Reading the article, it’s unclear to me where these myths come from and who expounds any of them. It takes only a small amount of thought and/or reading into grunge to realise they are largely straw men, readily knocked down to prove a point. Here’s my tuppence on these rather facile ‘myths’.
1. Grunge began in Seattle. The first of the straw men. Has anyone claimed that it did?
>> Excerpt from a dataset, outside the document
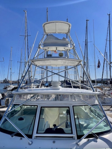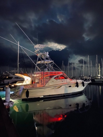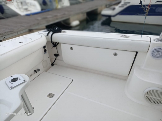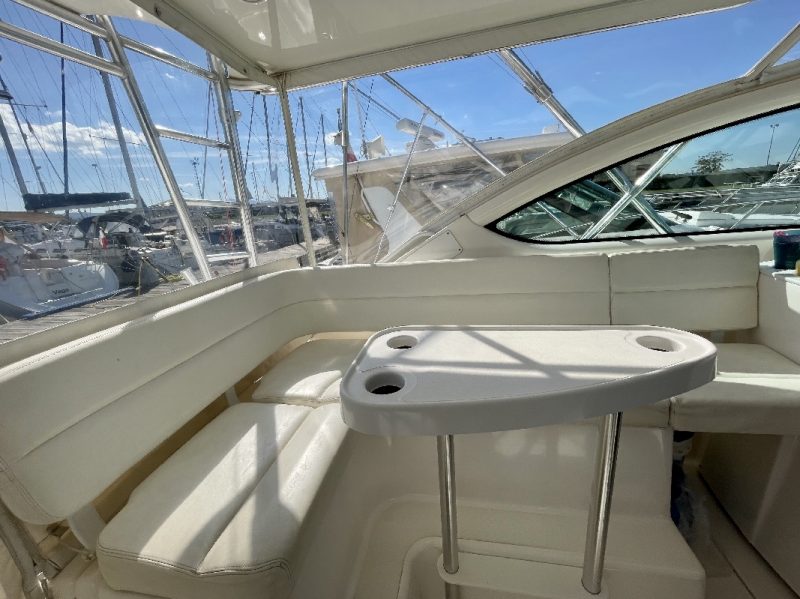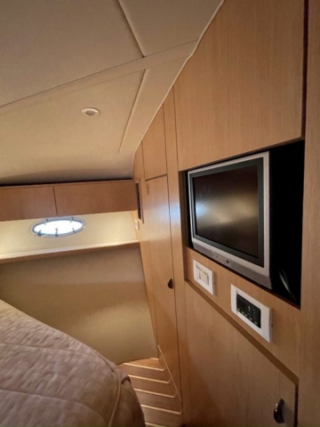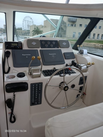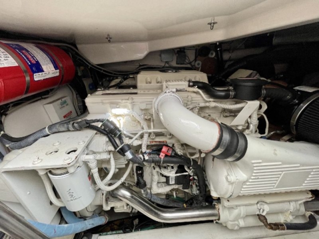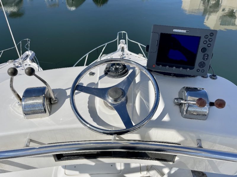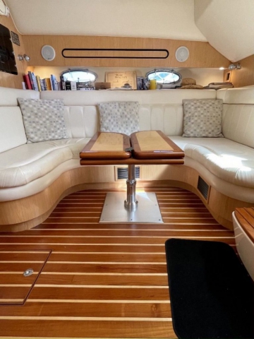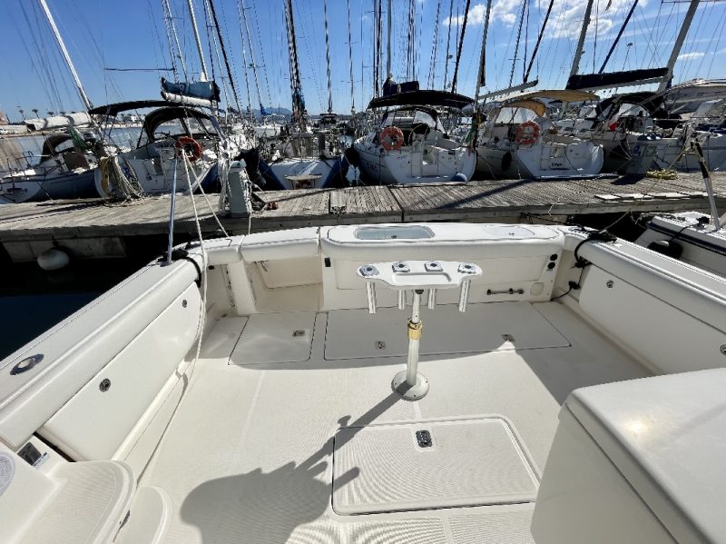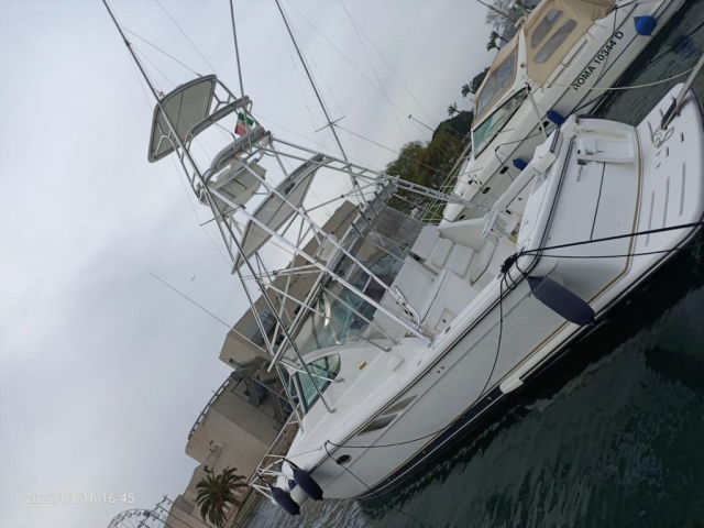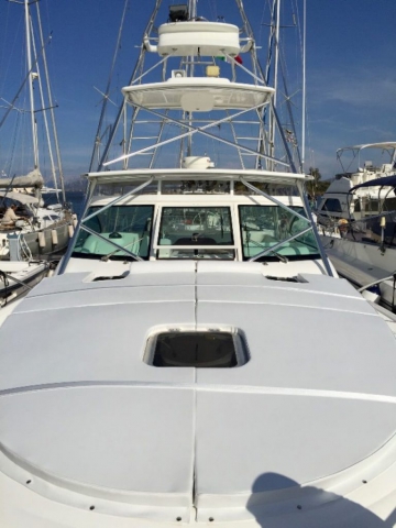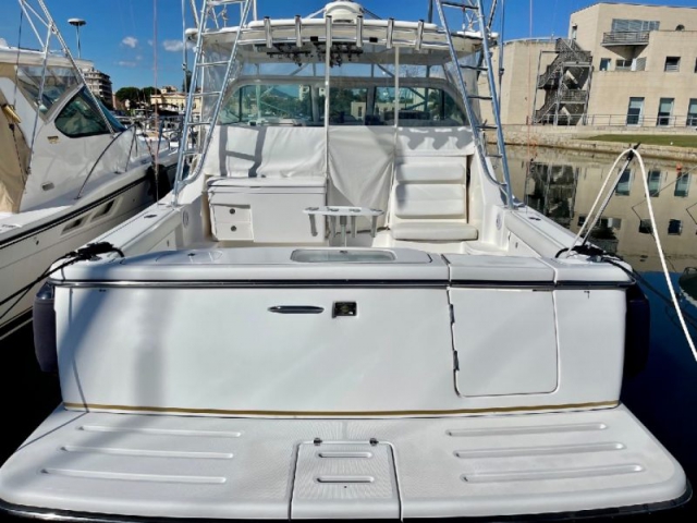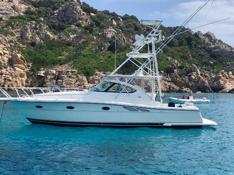 Tiara 3800 Open versione TTS (Open Tournament Edition), in perfette condizioni, motorizzata con una coppia di entrobordo Cummins Diesel da 490 Cv., dotati di Trolling Valve, con circa 1900 ore di moto (la maggior parte al minimo regime per la pesca alla traina), tagliandati regolarmente ogni anno. La versione TTS si differenzia dalla barca di serie per alcuni particolari importantissimi, tra cui la marlin tower, i particolari esterni in alluminio e le vasche del vivo e del pescato più capienti. La configurazione della cabina di questa barca è definita dalla Tiara come “Plan A” ovvero con la cabina di prua separata, la dinette molto ampia con divano trasformabile ed angolo cucina ed il bagno separato con box doccia. Gli interni sono in palissandro chiaro, le cuscinerie interne ed esterne sono in ottime condizioni: quelle interne sono state realizzate su misura. La Marlin Tower Pipewelder, un accessorio che veniva montato aggiungendo 120.000,00 dollari, è dotata dei doppi comandi di guida e della strumentazione elettronica.

As True indicates, grunge was a development of the American counterculture that flowered in the 50s with Burroughs and the beat generation, passing through the hippies, garage rock, punk, hardcore, and college rock before Seattle gave its own unique take on the wider, vibrant alt rock scene of the late 80s. (Both Vedder and Cobain were also influenced by the country blues of the 1920s and 1930s, itself another – vital – form of counterculture.) The etymology of the term ‘grunge’ has been much discussed; it wasn’t coined in Seattle in 1989, but the word struck a chord with what was happening there, and grunge as a musical movement rapidly became associated with the town.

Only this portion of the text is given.